When you reach a picture, pass over it; otherwise repeat the listing word for word.

--- Given material Enclosed Below ---

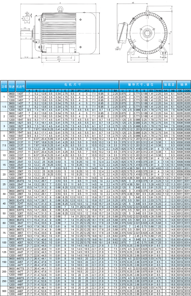 該系列電機為全封閉自扇冷式三相異步電動機,符合美國電氣制造商協會Nema的相關標準,電機采用F級絕緣,尼馬B設計或C設計,功率范圍從1馬力到300馬力,涵蓋2、4、6、8極,產品已獲得美國及加拿大政府的相關能效認證,證書號CC0082A及EEV2234888,亦獲得UL及CSA安全認證。
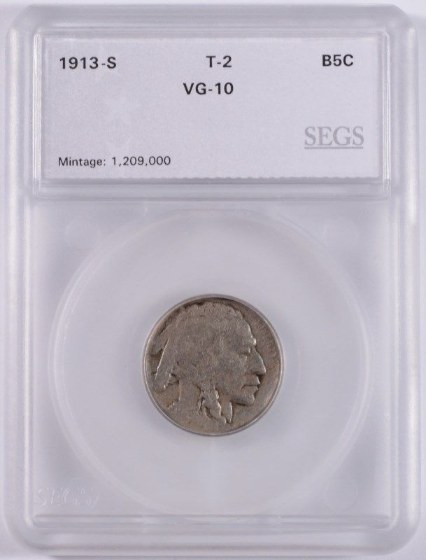 1913-S TYPE-2 BUFFALO NICKEL, SEGS VG-10 KEY!
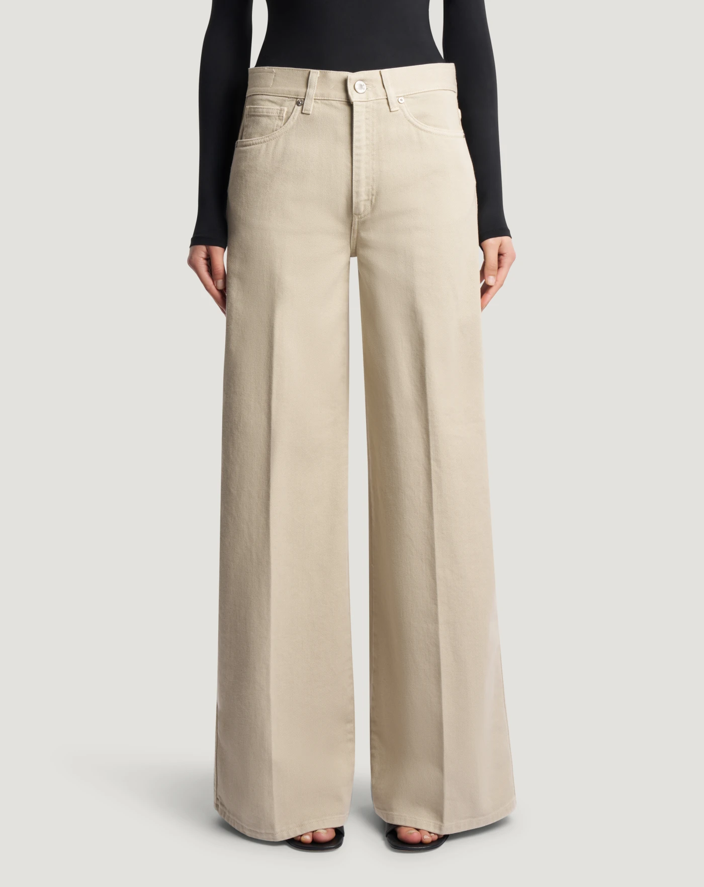 Jeans in cotton bull denim, a strong, stable fabric that is perfect when the need is for structure and performance but with a clean, minimal aspect. With a regular waist and wide fit, choose the light grey variant to complete your style with a modern twist.

--- End of Enclosed Given material ---

**Response to the exercise**
 該系列電機為全封閉自扇冷式三相異步電動機,符合美國電氣制造商協會Nema的相關標準,電機采用F級絕緣,尼馬B設計或C設計,功率范圍從1馬力到300馬力,涵蓋2、4、6、8極,產品已獲得美國及加拿大政府的相關能效認證,證書號CC0082A及EEV2234888,亦獲得UL及CSA安全認證。
 1913-S TYPE-2 BUFFALO NICKEL, SEGS VG-10 KEY!
 Jeans in cotton bull denim, a strong, stable fabric that is perfect when the need is for structure and performance but with a clean, minimal aspect. With a regular waist and wide fit, choose the light grey variant to complete your style with a modern twist.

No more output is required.